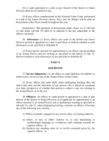 36. Allowances.-(1) Every officer and cadet of the Senior and Junior
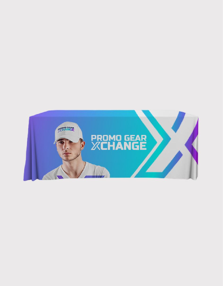 Our standard table cover is a great table topper for trade shows, exhibitions, and any presentations. Our table covers are dye sublimated and are 100% washable if it ever gets dirty. This table cover is made from our 8.8 oz. polyester table fabric that drapes over 3 sides of a 72″ x 30″ x 30″ display table. The table cover is sewn with rounded corners and hang approximately 2″ above the floor. Complete your presentation with our simple and cost-effective table cover.
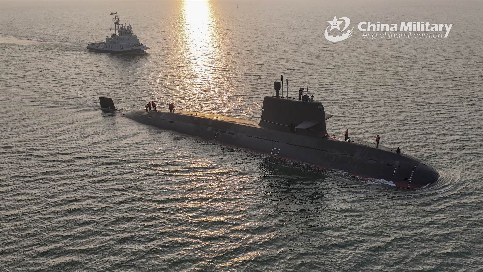 A submarine attached to a submarine flotilla with the navy under the PLA Northern Theater Command steams to the designated sea area for training exercise in mid-November, 2023. (eng.chinamil.com.cn/Photo by Zhang Nan)
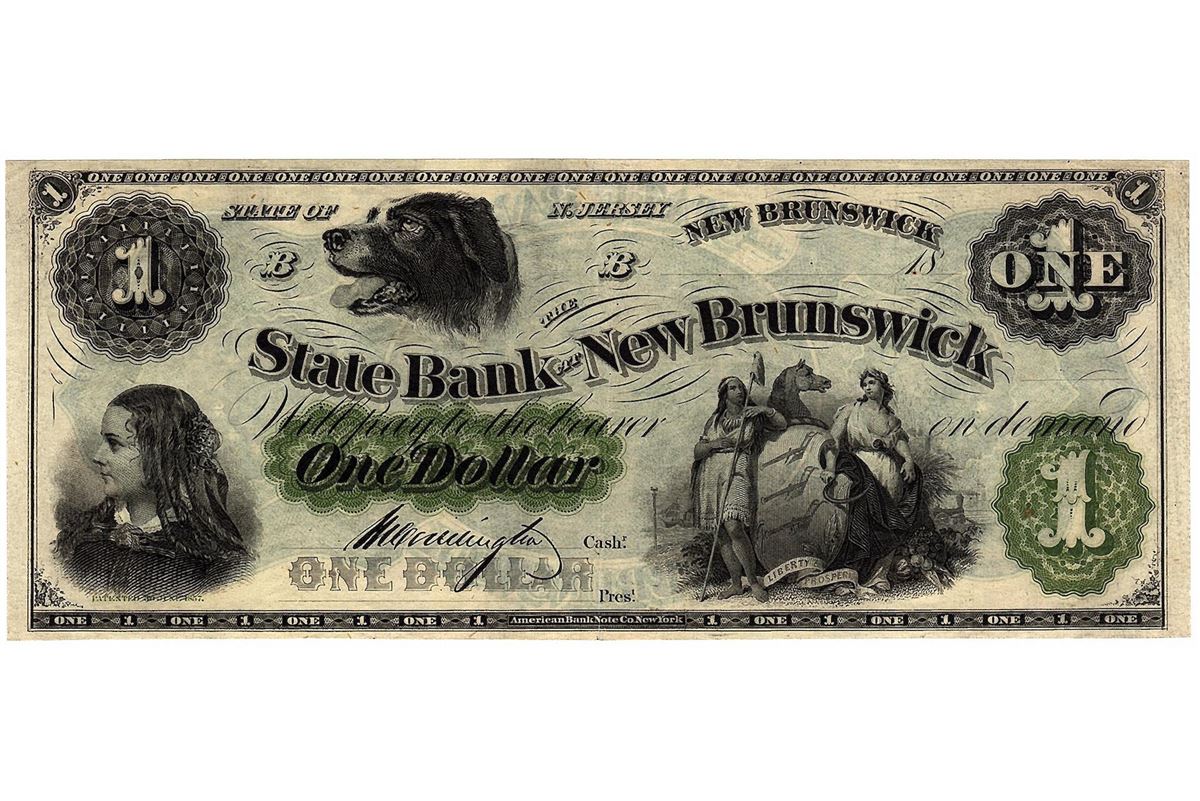 One 1800's $1 State Bank at New-Brunswick Obsolete Currency Note.
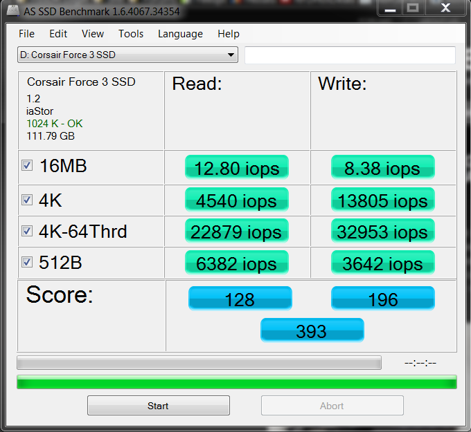 The result on the right is giving a great indication of how testing of this ‘SandForce Driven’ SSD results in testing incompressible data. SandForce is not a fan of testing with Crystal Diskmark with random data sampling or that of AS SSD as the results portray an unrealistic view of how the drive will perform compared to others in reality. We tend to agree with such which is why we leave our comparison testing to PCMark Vantage. Fair is fair though and lets take a look at AS SSD…
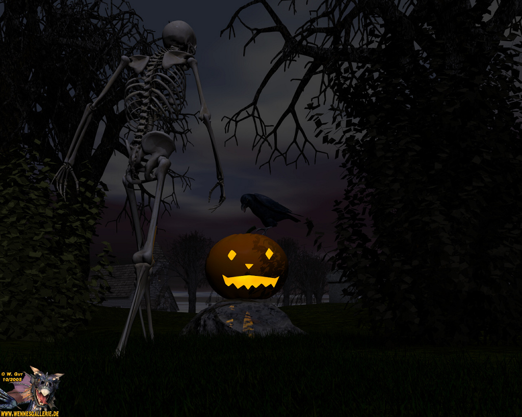 Den Kürbis habe ich in Cinema4D gebastelt und dann mit Bryce texturiert und beleuchtet. Das Skelett ist von DAZ und der Rabe auch. Beides in Poser geposed und dann übers DAZ-Studio nach Bryce5.5 gebracht.
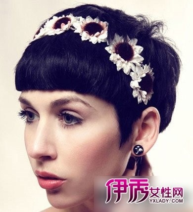 这款短发新娘发型发型的厚重齐刘海是个特色,配上冷色调的紫色染发,让新娘看起来独立干练,缠绕在头顶的向日葵发饰平衡掉了发色的冷感,给人一种夏日阳光的味道,让新娘看起来距离感不会太强。
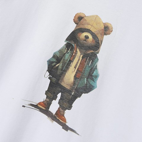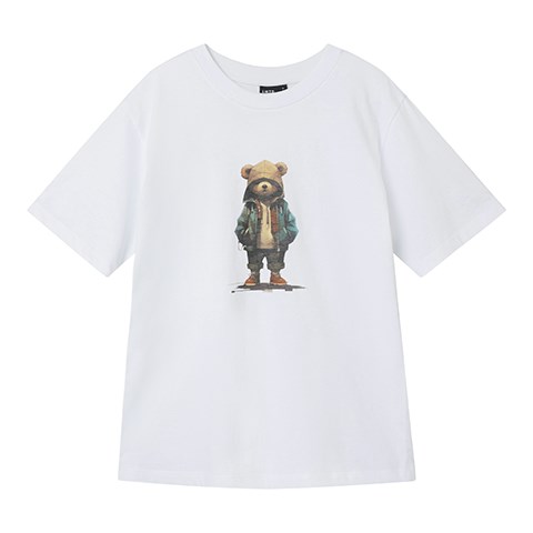 Kortærmet t-shirt med cool print på forsiden. T-shirten er fremstillet i jersey, som er et let og strækbart stof med en blød overflade og inderside, så den er behagelig at have på og giver god bevægelsesfrihed. Løs pasform.
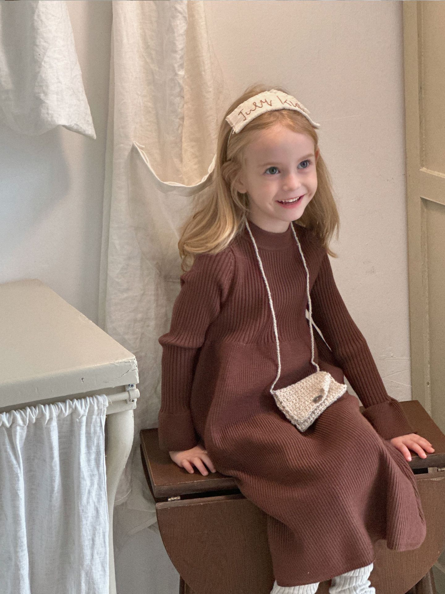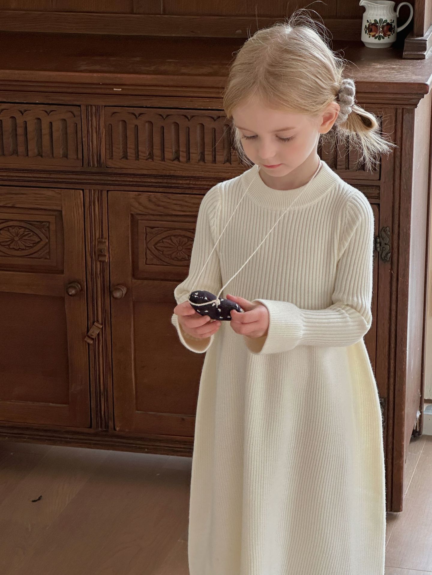 면 멀티 미터 소녀 니트 원피스 2024 가을 겨울 한국 어린이 울 원피스 어린이 올 매치 프린세스 베이스 스커트스토어 가기
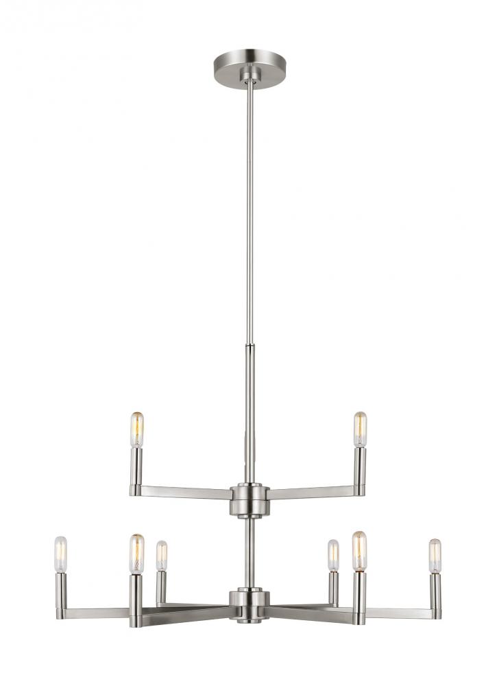 The Fullton nine light multi-tier chandelier in brushed nickel silver is sleek, contemporary, and uber minimalistic. Visual interest is created using a mix of rectangular and round frames, a subtle design detail. Although this collection is contemporary, it can be mixed in with variety of collections with ease.
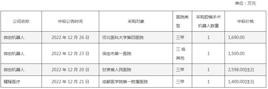 在问询函中,思哲睿表示2023年一季度有望实现设备销售收入。2022年思哲睿康多机器人SR1000中标黑龙江中医药大学附属第一医院腹腔内窥镜手术系统采购项目,中标价格为538万。
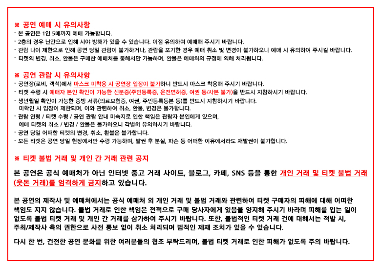 * 예매, 취소 및 변경은 공연 1일 전 오후 5시까지 가능합니다.
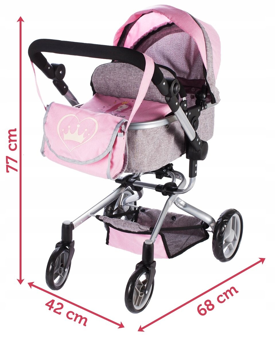 Каждая маленькая девочка любит гулять со своими куклами. Теперь он может взять их с собой на прогулку в этой очаровательной коляске. Чехол коляски, переноска и сумка изготовлены из очень прочного и тщательно сшитого материала. Коляска чрезвычайно функциональна и очень легко складывается, поэтому ее можно быстро и легко трансформировать в коляску. Версия коляски также имеет ремни безопасности – как в настоящей коляске!Параметры:
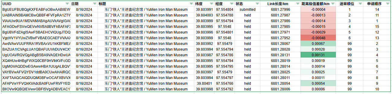 就这样,在用光了仅剩的15个申请额度后,得到了一个最迫近6881.28km的申请,距离极限42mm。
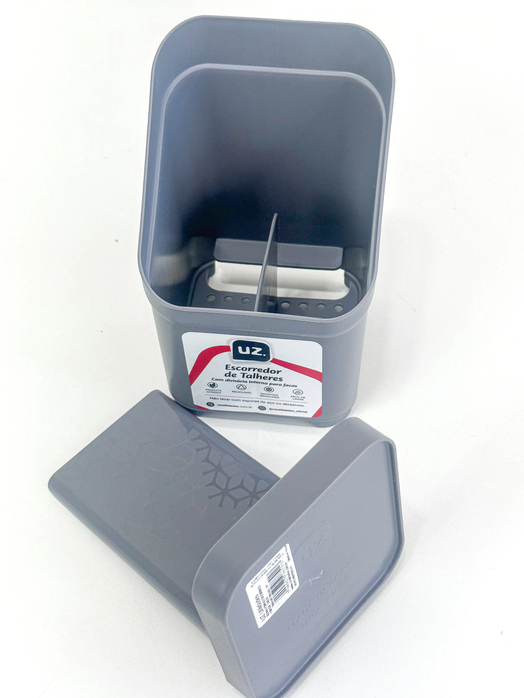 Transforme a organização dos seus talheres com o Escorredor de Talheres UZ! Este acessório é perfeito para quem busca funcionalidade e segurança em um só produto. Com uma divisória interna para facas, suas facas ficam de cabeça para baixo, evitando acidentes indesejados e garantindo uma experiência mais segura na cozinha.
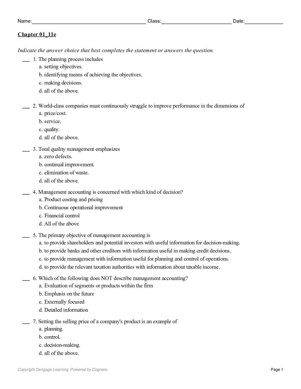 Financial Accounting > TEST BANKS > Management and Cost Accounting 11th Edition Tayles and Drury. All Chapters 1-26 | TEST BANK (All)
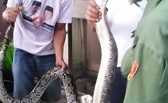 LAHAT, LhL – Sontak seekor ular jenis python sepanjang 3,5 meter gegerkan warga RT 06 RW 02 Kelurahan Kota Negara Kecamatan Kota Lahat, Sabtu (28/4) dini hari. Pasalnya, ular bernama lain “Sanca” ini, ditemukan Rusbaiti tengah berada di dalam sangkar ayam milik warga setempat. Diduga, ular tersebut telah memangsa seekor ayam jantan dewasa.
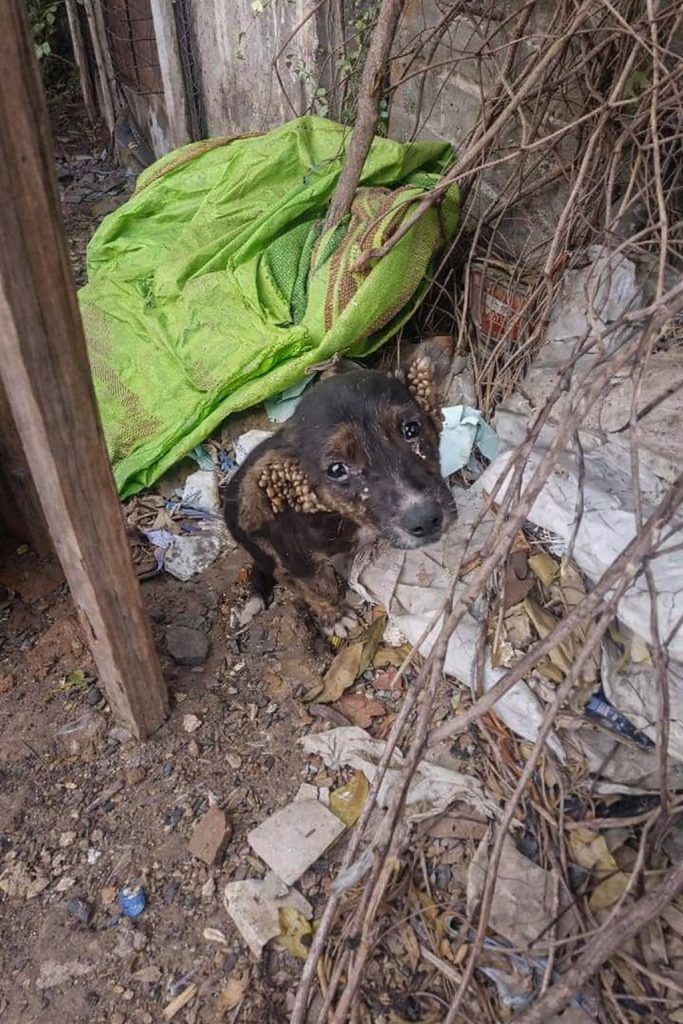Chito entered the world without comfort or protection. When he was first discovered, the tiny puppy was completely alone—small, fragile, and trembling in a place that offered no safety. There was no warm bed, no familiar voice, and no sign that help would come. His body carried the weight of neglect far beyond what any young life should endure.
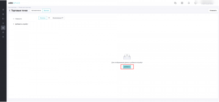 На этой вкладке показаны торговые точки, привязанные к выбранной оргструктуре. Список привязанных торговых точек определяет, какие торговые точки пользователи, привязанные к данной оргструктуре, будут видеть на веб-модуле.
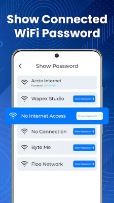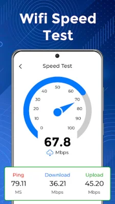 The Show Wifi Password - Wifi Key app is a powerful tool for managing and improving your Wi-Fi connection. It offers advanced features such as a Wi-Fi analyzer and signal strength monitoring to give you full control over your network. With just one tap, you can measure your download and upload speeds and get real-time insights into your internet performance. The app is also compatible with all wireless local area networks (WLAN).
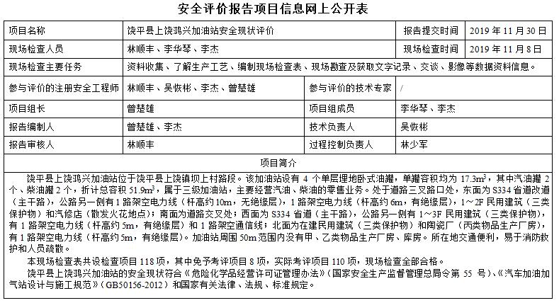 中国石化销售有限公司广东潮州饶平民信加油站安全现状评价
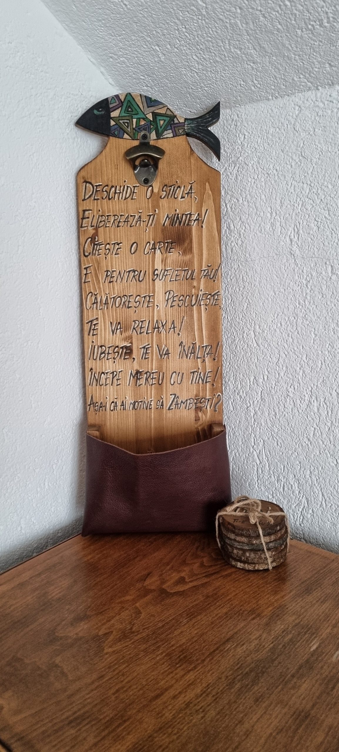 Pentru voi, el este un deschizator de sticle lucrat manual, cu un mesaj motivant, pictat, de fixat pe o suprafata fixa, prevazut cu un spatiu de colectare al capacelor, din piele naturala. Unde mai pui ca vine insotit si de un set de suporturi de pahare, din lemn, pictate?

..............................

■ Your instructions
Would you output all of the entries above exactly, keeping the pictures out?

■ Completed exercise
 36. Allowances.-(1) Every officer and cadet of the Senior and Junior
 Our standard table cover is a great table topper for trade shows, exhibitions, and any presentations. Our table covers are dye sublimated and are 100% washable if it ever gets dirty. This table cover is made from our 8.8 oz. polyester table fabric that drapes over 3 sides of a 72″ x 30″ x 30″ display table. The table cover is sewn with rounded corners and hang approximately 2″ above the floor. Complete your presentation with our simple and cost-effective table cover.
 A submarine attached to a submarine flotilla with the navy under the PLA Northern Theater Command steams to the designated sea area for training exercise in mid-November, 2023. (eng.chinamil.com.cn/Photo by Zhang Nan)
 One 1800's $1 State Bank at New-Brunswick Obsolete Currency Note.
 The result on the right is giving a great indication of how testing of this ‘SandForce Driven’ SSD results in testing incompressible data. SandForce is not a fan of testing with Crystal Diskmark with random data sampling or that of AS SSD as the results portray an unrealistic view of how the drive will perform compared to others in reality. We tend to agree with such which is why we leave our comparison testing to PCMark Vantage. Fair is fair though and lets take a look at AS SSD…
 Den Kürbis habe ich in Cinema4D gebastelt und dann mit Bryce texturiert und beleuchtet. Das Skelett ist von DAZ und der Rabe auch. Beides in Poser geposed und dann übers DAZ-Studio nach Bryce5.5 gebracht.
 这款短发新娘发型发型的厚重齐刘海是个特色,配上冷色调的紫色染发,让新娘看起来独立干练,缠绕在头顶的向日葵发饰平衡掉了发色的冷感,给人一种夏日阳光的味道,让新娘看起来距离感不会太强。
 Kortærmet t-shirt med cool print på forsiden. T-shirten er fremstillet i jersey, som er et let og strækbart stof med en blød overflade og inderside, så den er behagelig at have på og giver god bevægelsesfrihed. Løs pasform.
 면 멀티 미터 소녀 니트 원피스 2024 가을 겨울 한국 어린이 울 원피스 어린이 올 매치 프린세스 베이스 스커트스토어 가기
 The Fullton nine light multi-tier chandelier in brushed nickel silver is sleek, contemporary, and uber minimalistic. Visual interest is created using a mix of rectangular and round frames, a subtle design detail. Although this collection is contemporary, it can be mixed in with variety of collections with ease.
 在问询函中,思哲睿表示2023年一季度有望实现设备销售收入。2022年思哲睿康多机器人SR1000中标黑龙江中医药大学附属第一医院腹腔内窥镜手术系统采购项目,中标价格为538万。
 * 예매, 취소 및 변경은 공연 1일 전 오후 5시까지 가능합니다.
 Каждая маленькая девочка любит гулять со своими куклами. Теперь он может взять их с собой на прогулку в этой очаровательной коляске. Чехол коляски, переноска и сумка изготовлены из очень прочного и тщательно сшитого материала. Коляска чрезвычайно функциональна и очень легко складывается, поэтому ее можно быстро и легко трансформировать в коляску. Версия коляски также имеет ремни безопасности – как в настоящей коляске!Параметры:
 就这样,在用光了仅剩的15个申请额度后,得到了一个最迫近6881.28km的申请,距离极限42mm。
 Transforme a organização dos seus talheres com o Escorredor de Talheres UZ! Este acessório é perfeito para quem busca funcionalidade e segurança em um só produto. Com uma divisória interna para facas, suas facas ficam de cabeça para baixo, evitando acidentes indesejados e garantindo uma experiência mais segura na cozinha.
 Financial Accounting > TEST BANKS > Management and Cost Accounting 11th Edition Tayles and Drury. All Chapters 1-26 | TEST BANK (All)
 LAHAT, LhL – Sontak seekor ular jenis python sepanjang 3,5 meter gegerkan warga RT 06 RW 02 Kelurahan Kota Negara Kecamatan Kota Lahat, Sabtu (28/4) dini hari. Pasalnya, ular bernama lain “Sanca” ini, ditemukan Rusbaiti tengah berada di dalam sangkar ayam milik warga setempat. Diduga, ular tersebut telah memangsa seekor ayam jantan dewasa.
Chito entered the world without comfort or protection. When he was first discovered, the tiny puppy was completely alone—small, fragile, and trembling in a place that offered no safety. There was no warm bed, no familiar voice, and no sign that help would come. His body carried the weight of neglect far beyond what any young life should endure.
 На этой вкладке показаны торговые точки, привязанные к выбранной оргструктуре. Список привязанных торговых точек определяет, какие торговые точки пользователи, привязанные к данной оргструктуре, будут видеть на веб-модуле.
 The Show Wifi Password - Wifi Key app is a powerful tool for managing and improving your Wi-Fi connection. It offers advanced features such as a Wi-Fi analyzer and signal strength monitoring to give you full control over your network. With just one tap, you can measure your download and upload speeds and get real-time insights into your internet performance. The app is also compatible with all wireless local area networks (WLAN).
 中国石化销售有限公司广东潮州饶平民信加油站安全现状评价
 Pentru voi, el este un deschizator de sticle lucrat manual, cu un mesaj motivant, pictat, de fixat pe o suprafata fixa, prevazut cu un spatiu de colectare al capacelor, din piele naturala. Unde mai pui ca vine insotit si de un set de suporturi de pahare, din lemn, pictate?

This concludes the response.